Work request: Please make sure what you return matches the listing below exactly, minus its pictures.

Information supplied:
BEGIN

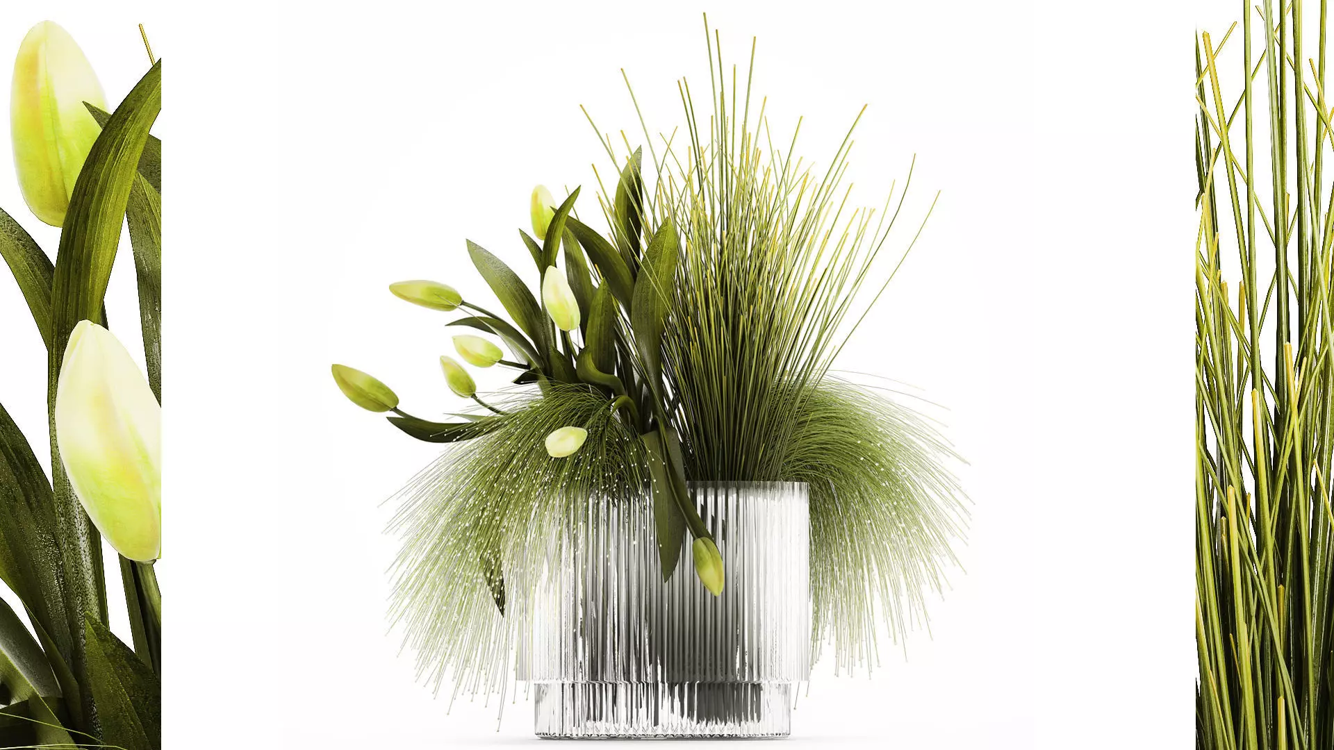 Bouquet of green flowers in a modern glass vase H&M with tulips. Set 508.Spring bouquetTulipa, tulips, tulip - TulipSpring bouquet, tulip, vase, green flowers
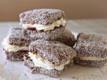 U šerpu sipajte mleko, čokoladu izlomljenu na kockice, kakao, šećer i margarin i zagrevajte uz mešanje, dok se sve ne rastopi i ne sjedini. Prohladite, pa kocke patišpanja kašikom spuštajte u topli preliv, da se natope sa svih strana. Spuštajte ih u tanjir sa kokosom, kako bi se kokos rasporedio sa svih strana. Poređajte ih na tacnu i stavite u frižider, kako bi se stegli. Možda ćete želeti da napravite kolače ružice od jabuka i lisnatog testa.
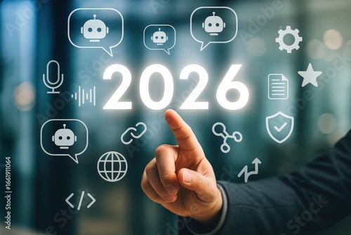 A hand points to the year 2026, surrounded by futuristic technology icons, highlighting the future of technology and innovation.
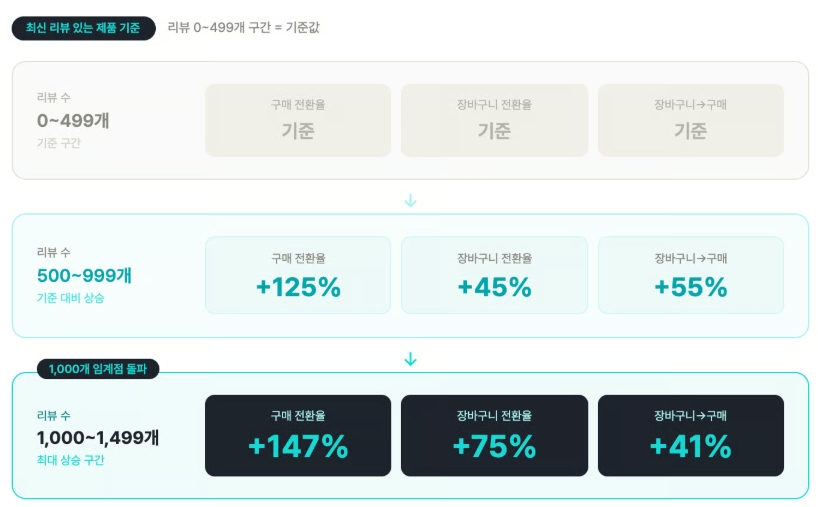 또, 최신 리뷰가 유지되는 상태에서 누적 리뷰 수가 늘어날수록 구매 전환율은 계단식으로 우상향했다. 리뷰 수는 기본 조건 위에서 전환율을 폭발적으로 끌어올리는 부스터 역할을 수행했다.
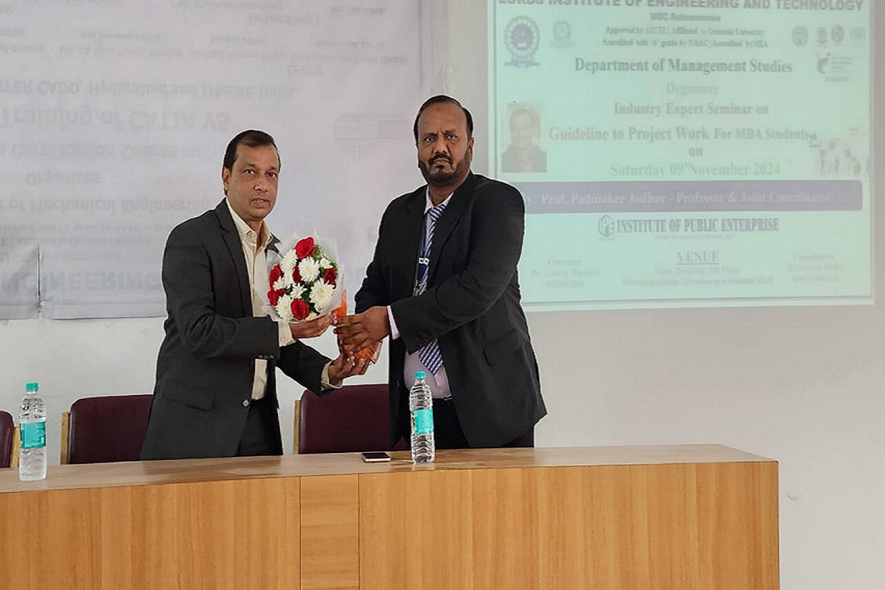 Description about the event (50 Words): A Industry Expert Seminar on “Guidelines on Project Work” was arranged by department of Management Studies on 09/11/24 at Lords Institute of Engineering & Technology, Hyderabad. A total of 87 students have participated in the event. The objective of this seminar was to provide knowledge on project work which will be useful for their academics and placements. The resource person was Dr. Padmaker Jadhav, Professor, IPE, Hyderabad. The convenor of the event Dr.Mohammed Ashfaq Hussain, HOD MBA welcomed all the participants, resource person, Principal ,Deans & Directors of LIET who have participated towards this successful event.
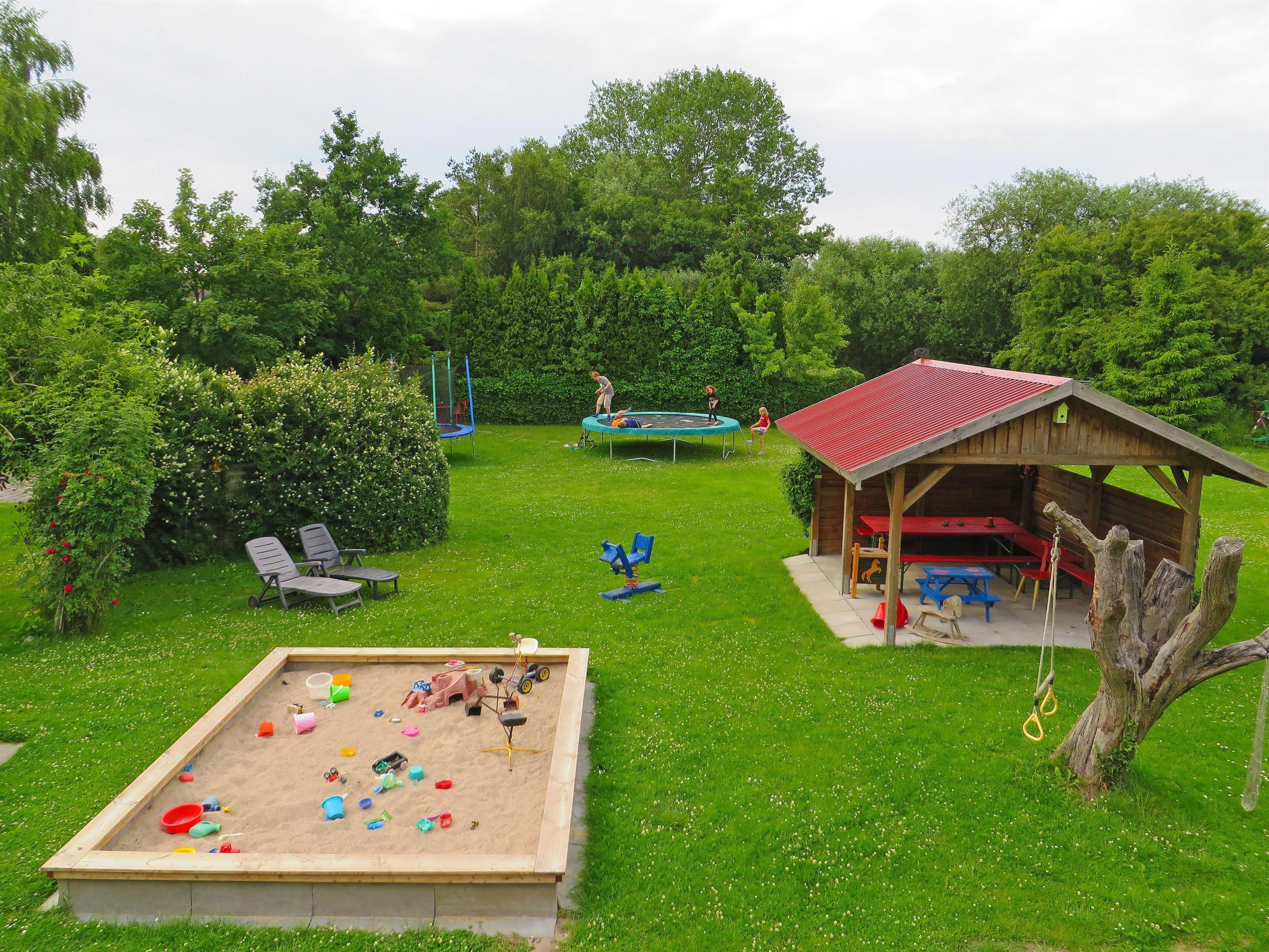 Unser weitläufiger Spielplatz bietet mit Trampolin, Klettergerüst mit Schaukel und Rutsche, Sandkiste, Fußballtor, Tischtennisplatte, Kettcar-Bahn mit Kettcars und weiteren Fahrzeugen, Kletterpyramide sowie dem "Alten Pferdestall", in welchem sich unsere Hühner und ein Hobbyraum mit Tischkicker, Air-Hockey sowie Tischtennis (kostenlos) befinden, Spaß für Groß und Klein. Weiterhin gibt es in der Scheune ein weiteres Spielzimmer für die kleinen Gäste mit Spiel- und Malsachen sowie Büchern. Für unsere großen Gäste gibt es auf dem Spielplatz einen Grillpavillon sowie diverse idyllische Sitzmöglichkeiten.
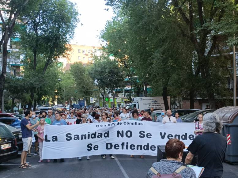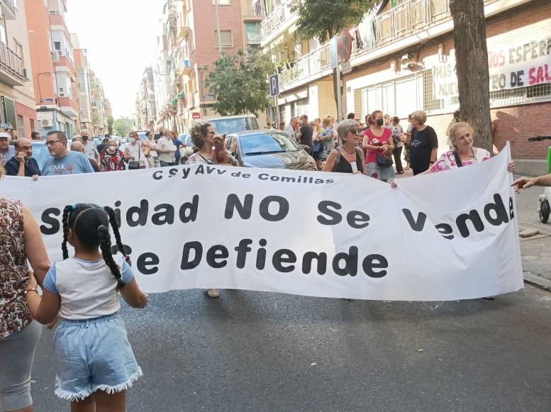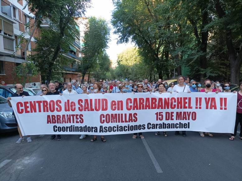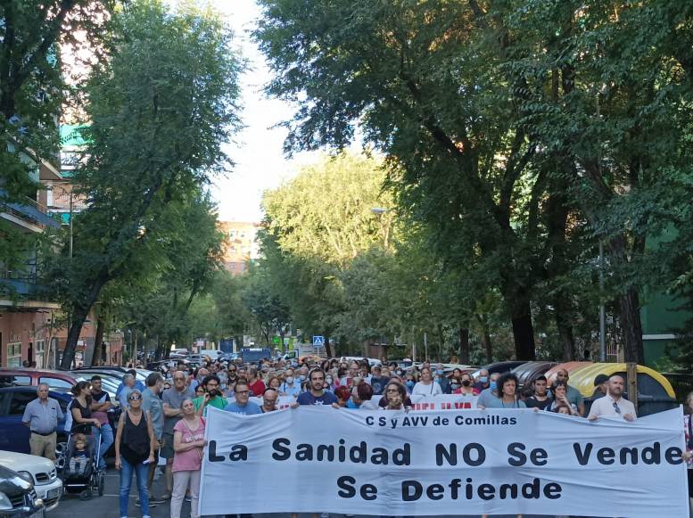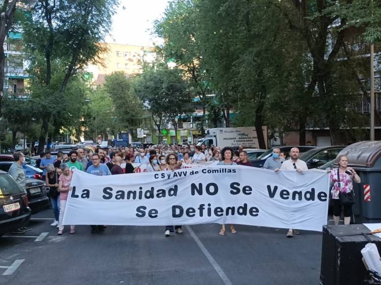 Más de 400 personas se manifestaron en Carabanchel en defensa de la sanidad pública y por un nuevo centro de Salud para Comillas, tras 18 años de reivindicación de un nuevo centro en condiciones. Indignación en los vecinos, que se manifestaron pacíficamente, al saber que en el solar donde tenían previsto hacer el nuevo centro están construyendo un parque. Durante el recorrido se cantaron frases en defensa de la sanidad pública. Es de destacar que no hubo incidentes.
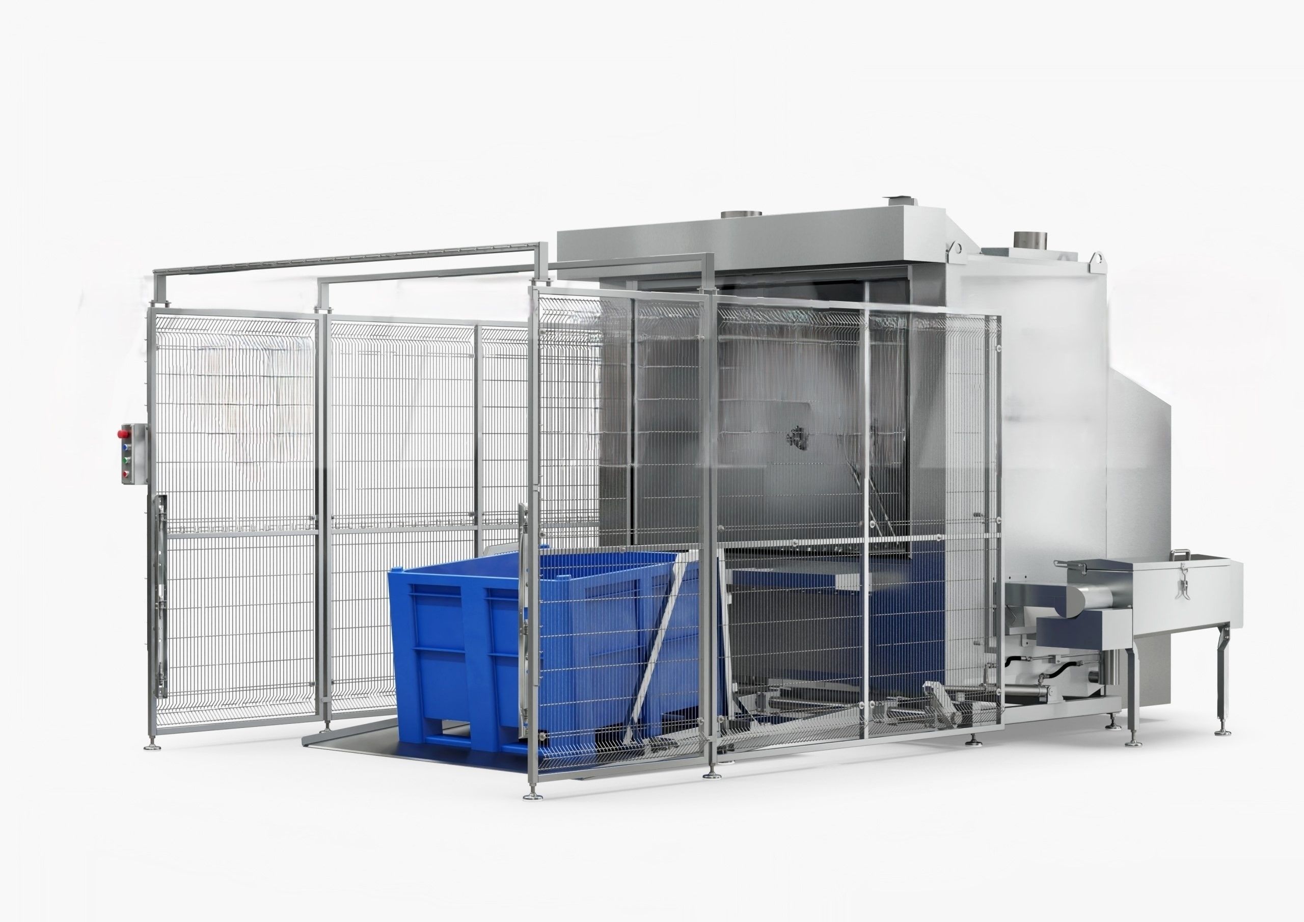 Промислова мийка з електричним підігрівом для 2×200/300л Buggy або Big Box. Управління та відображення ПЛК Siemens. Ліва електрична шафа. Регульована тривалість циклу відповідно до рівня забруднення. Фільтр з ситовим ящиком затримує грубі забруднення і довше зберігає воду в належних умовах. Дверцята з гідравлічним приводом служать як для завантаження візка, так і для закриття зони миття. Витяжка для відведення пари для монтажу над дверцятами машини. Вільний контакт для дозуючого насоса. Захисна огорожа. Барабанний фільтр. Світлова завіса, категорія захисту 4. Корпус з нержавіючої сталі, матеріал EN 1.4301 / AISI 304. Машина відповідає високим вимогам CE, а також нормам ЄС і USDA.
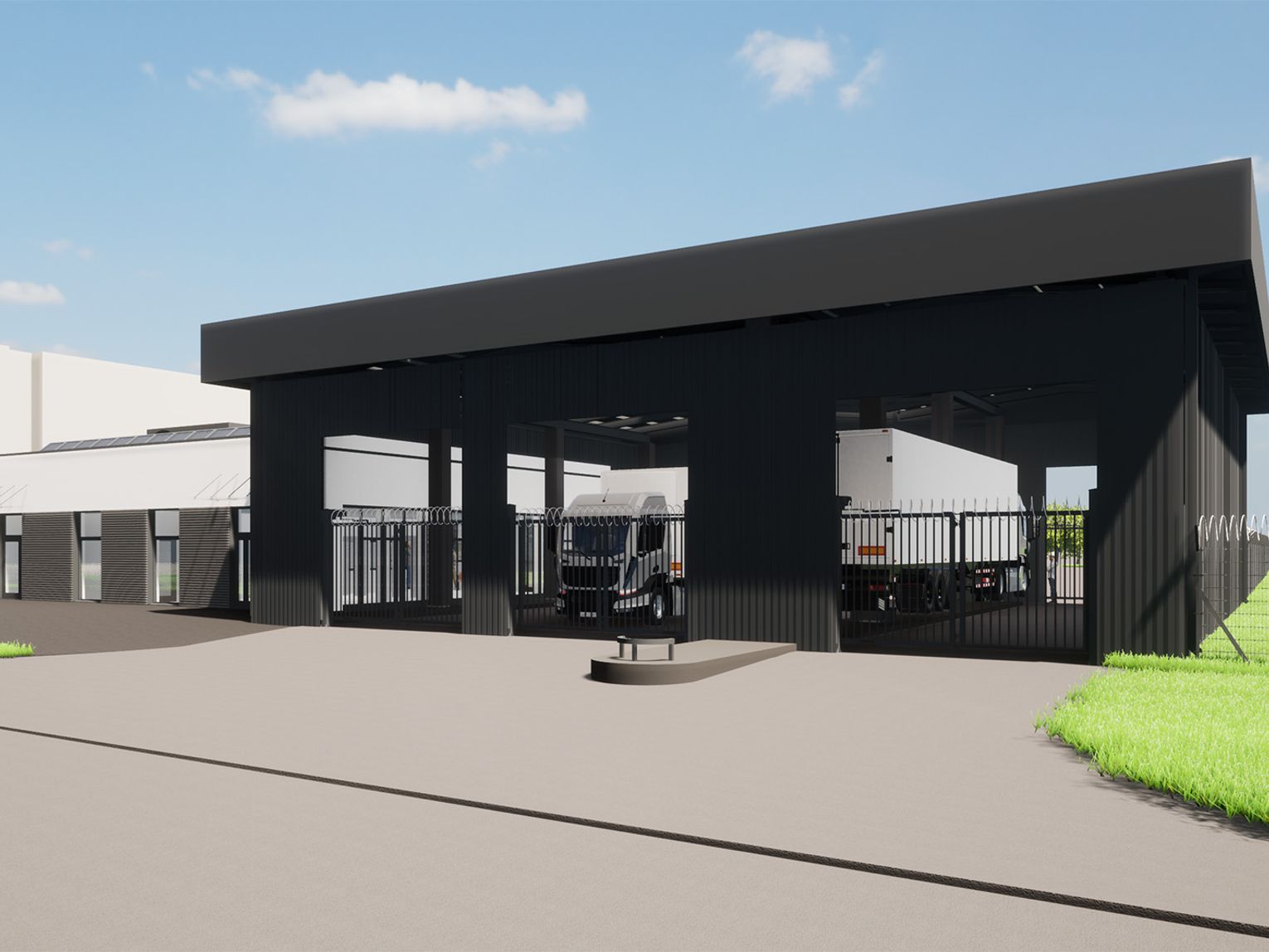 Projekt obejmuje budowę nowoczesnego kompleksu infrastruktury bezpieczeństwa, dedykowanego obsłudze ruchu do strefy zastrzeżonej portu w tym:

END

Output:
 Bouquet of green flowers in a modern glass vase H&M with tulips. Set 508.Spring bouquetTulipa, tulips, tulip - TulipSpring bouquet, tulip, vase, green flowers
 U šerpu sipajte mleko, čokoladu izlomljenu na kockice, kakao, šećer i margarin i zagrevajte uz mešanje, dok se sve ne rastopi i ne sjedini. Prohladite, pa kocke patišpanja kašikom spuštajte u topli preliv, da se natope sa svih strana. Spuštajte ih u tanjir sa kokosom, kako bi se kokos rasporedio sa svih strana. Poređajte ih na tacnu i stavite u frižider, kako bi se stegli. Možda ćete želeti da napravite kolače ružice od jabuka i lisnatog testa.
 A hand points to the year 2026, surrounded by futuristic technology icons, highlighting the future of technology and innovation.
 또, 최신 리뷰가 유지되는 상태에서 누적 리뷰 수가 늘어날수록 구매 전환율은 계단식으로 우상향했다. 리뷰 수는 기본 조건 위에서 전환율을 폭발적으로 끌어올리는 부스터 역할을 수행했다.
 Description about the event (50 Words): A Industry Expert Seminar on “Guidelines on Project Work” was arranged by department of Management Studies on 09/11/24 at Lords Institute of Engineering & Technology, Hyderabad. A total of 87 students have participated in the event. The objective of this seminar was to provide knowledge on project work which will be useful for their academics and placements. The resource person was Dr. Padmaker Jadhav, Professor, IPE, Hyderabad. The convenor of the event Dr.Mohammed Ashfaq Hussain, HOD MBA welcomed all the participants, resource person, Principal ,Deans & Directors of LIET who have participated towards this successful event.
 Unser weitläufiger Spielplatz bietet mit Trampolin, Klettergerüst mit Schaukel und Rutsche, Sandkiste, Fußballtor, Tischtennisplatte, Kettcar-Bahn mit Kettcars und weiteren Fahrzeugen, Kletterpyramide sowie dem "Alten Pferdestall", in welchem sich unsere Hühner und ein Hobbyraum mit Tischkicker, Air-Hockey sowie Tischtennis (kostenlos) befinden, Spaß für Groß und Klein. Weiterhin gibt es in der Scheune ein weiteres Spielzimmer für die kleinen Gäste mit Spiel- und Malsachen sowie Büchern. Für unsere großen Gäste gibt es auf dem Spielplatz einen Grillpavillon sowie diverse idyllische Sitzmöglichkeiten.
 Más de 400 personas se manifestaron en Carabanchel en defensa de la sanidad pública y por un nuevo centro de Salud para Comillas, tras 18 años de reivindicación de un nuevo centro en condiciones. Indignación en los vecinos, que se manifestaron pacíficamente, al saber que en el solar donde tenían previsto hacer el nuevo centro están construyendo un parque. Durante el recorrido se cantaron frases en defensa de la sanidad pública. Es de destacar que no hubo incidentes.
 Промислова мийка з електричним підігрівом для 2×200/300л Buggy або Big Box. Управління та відображення ПЛК Siemens. Ліва електрична шафа. Регульована тривалість циклу відповідно до рівня забруднення. Фільтр з ситовим ящиком затримує грубі забруднення і довше зберігає воду в належних умовах. Дверцята з гідравлічним приводом служать як для завантаження візка, так і для закриття зони миття. Витяжка для відведення пари для монтажу над дверцятами машини. Вільний контакт для дозуючого насоса. Захисна огорожа. Барабанний фільтр. Світлова завіса, категорія захисту 4. Корпус з нержавіючої сталі, матеріал EN 1.4301 / AISI 304. Машина відповідає високим вимогам CE, а також нормам ЄС і USDA.
 Projekt obejmuje budowę nowoczesnego kompleksu infrastruktury bezpieczeństwa, dedykowanego obsłudze ruchu do strefy zastrzeżonej portu w tym:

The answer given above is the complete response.